Occurrence of duplication of Ace-1 has been detected in both Culex quinquefasciatus and An. gambiae [14, 28] but the lack of a specific test (enzymatic or molecular) to detect duplications has been an impediment to understanding their nature and impacts. Identification of individuals harboring duplicated alleles by designing crosses and observing progeny survival in bioassays [14] is too time-consuming to allow proper interpretation of CNV in Ace-1 RS genotypes scored using the traditional PCR–RFLP technique [29]. Indeed these represent a highly heterogeneous group, which in An. coluzzii from Tiassale (which almost all type as heterozygotes in PCR–RFLP), exhibit significantly variable bioassay survival [17]. With Ace-1 CNV apparently now spread across such a broad area of West Africa, assays giving insight into CNV variation of the kind which were evaluate here, are urgently required.

In addition to PCR–RFLP, three different molecular techniques were applied on the same mosquito specimens (either collected from field or provided from laboratory strains). TaqMan genotyping is a high throughput and highly accurate methodology widely used for detection of target site mutations in mosquitoes [30, 31]. ddPCR has been adopted for a number of applications, including studies of copy number variation involving allelic discrimination or imbalance, single cell gene expression, detection of low copy number nucleic acid targets [32, 33] and of point mutations. Though giving high precision estimation of allelic balance for heterozygotes, ddPCR cannot give quantitative insight into CNV level in homozygotes or GnSn heterozygotes with an equal allele balance. With the TaqMan method, instead of having clearly distinct expected cluster patterns [23] it was displayed a large spectral distribution of heterozygous individuals that rendered manual genotype calling of subgroups difficult. Therefore attempts have been made to automatically assign genotype using K-means on the transformed fluorescence data generated by both TaqMan and ddPCR techniques. A clear separation of heterozygous genotype subgroups was obtained, to supplement the straightforward identification of the distinct homozygous groups, and these clusters exhibited significant variation in mean CNV level assessed by the copy number detection qRTPCR (Fig. 4). This cross-comparability between techniques suggests that where separation of heterozygote sub-groups is the primary aim, TaqMan and ddPCR assays can provide useful semi-quantitative estimation of copy number variation. Most, if not all, of the susceptible homozygote individuals in this study appear to possess only a single copy of Ace-1, consistent with results from Accra, Ghana [34], therefore application of the qRTPCR assay to samples genotyping as glycine homozygotes may be a lesser priority. However to investigate the resistance consequences of variation in resistant allele copy number in resistant (serine) homozygotes, genotyping will need to be supplemented by SYBR green qPCR.

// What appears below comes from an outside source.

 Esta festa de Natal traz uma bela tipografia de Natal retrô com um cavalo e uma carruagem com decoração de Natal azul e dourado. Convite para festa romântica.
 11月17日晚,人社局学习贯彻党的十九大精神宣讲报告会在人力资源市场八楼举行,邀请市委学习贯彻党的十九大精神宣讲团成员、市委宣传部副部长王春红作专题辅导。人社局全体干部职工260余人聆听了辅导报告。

By interpreting each genotype cluster position in the Fig. 3 following genotype calls are suggest (see Table 2):

Table 2 Different clusters observed, with suggested genotype calls obtained from both TaqMan and ddPCR data followed by K-means clustering analysis
  • Gn: genotype cluster I = homozygous susceptible individuals (Ace-1 nSS).

  • GnS: genotype cluster II = heterozygous individuals (Ace-1 GnS).

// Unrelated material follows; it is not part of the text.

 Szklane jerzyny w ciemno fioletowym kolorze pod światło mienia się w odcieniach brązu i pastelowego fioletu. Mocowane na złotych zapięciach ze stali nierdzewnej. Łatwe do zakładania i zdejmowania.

  • (GS)n: genotype cluster III = heterozygous individuals (Ace-1 (GS)n).

  • GSn: genotype cluster IV = heterozygous individuals (Ace-1 GSn).

  • Sn: genotype cluster V = homozygous resistant individuals (Ace-1 Sn).

Previous studies discovered, what appeared to be rare, duplications of Ace-1 in An. gambiae (and An. coluzzii) [11, 28] via the occurrence of a resistant and two distinct susceptible alleles in sequence data from single individuals. In contrast, results of the present study indicated that duplication event is very prevalent and spans a range of possible genotypes involving multiple resistant alleles. Furthermore, the highest copy number was recorded in individuals with a strong imbalance of resistant to susceptible copies in contrast with previous findings in Culex [14]. Anopheles gambiae thus seems to exhibit far greater complexity of duplication at the Ace-1 gene.